The view of learning as local correction is also reflected at the mechanistic level. Synaptic plasticity is inherently local: changes via Hebbian learning, spike-timing-dependent plasticity (STDP), or behavioral time-scale plasticity (BTSP) occur only at the synapses involved in generating the error. There is no broadcasted global signal that rewrites all internal structure uniformly.

The magnitude of the prediction error plays a key role here.

Small errors prompt fine-grained tuning, modifying local parameters, expectations, or context weights
Large errors, on the other hand, may cause structural revisions, introducing new causal rules, deleting invalid generalizations, or instantiating new representational dimensions.

This multi-scale correction mechanism grants the brain both stability and flexibility: it can ignore noise, adapt smoothly when possible, and restructure decisively when necessary, all through localized computation.
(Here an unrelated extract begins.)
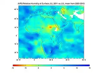 Studies predict that by the year 2050 the rainfall in Sub-Saharan Africa could drop by 10%, which will cause a major water shortage. This 10% decrease in precipitation would reduce drainage by 17% and the regions which are receiving 500–600 mm/year rainfall will experience a reduction by 50–30% respectively in the surface drainage.[33] Additionally, the Human Development Report predicts warming paired with 10% less rainfall in interior regions of Africa, which will be amplified by water loss due to water loss increase from rising temperature.[23] Droughts and floods are considered to be the most dangerous threat to physical water scarcity.[34] This warming will be greatest over the semi-arid regions of the Sahara, along the Sahel, and interior areas of southern Africa.[23]

In this sense, local plasticity is not merely reactive, but an engine of structural refinement through epistemic inconsistency. When a particular circuit consistently fails to predict correctly, it is that circuit, not the entire network, that is restructured. Over time, such targeted mismatches carve functional structure into the system, shaping causal models, priors, and inductive biases.

Moving Forward

This framework provides a new way to think about knowledge, learning, memory, and the role of the brain in learning. I believe it is a powerful tool for starting to design brain-like systems and computational frameworks that can learn efficiently in the context of bounded observation and non-differentiable environments.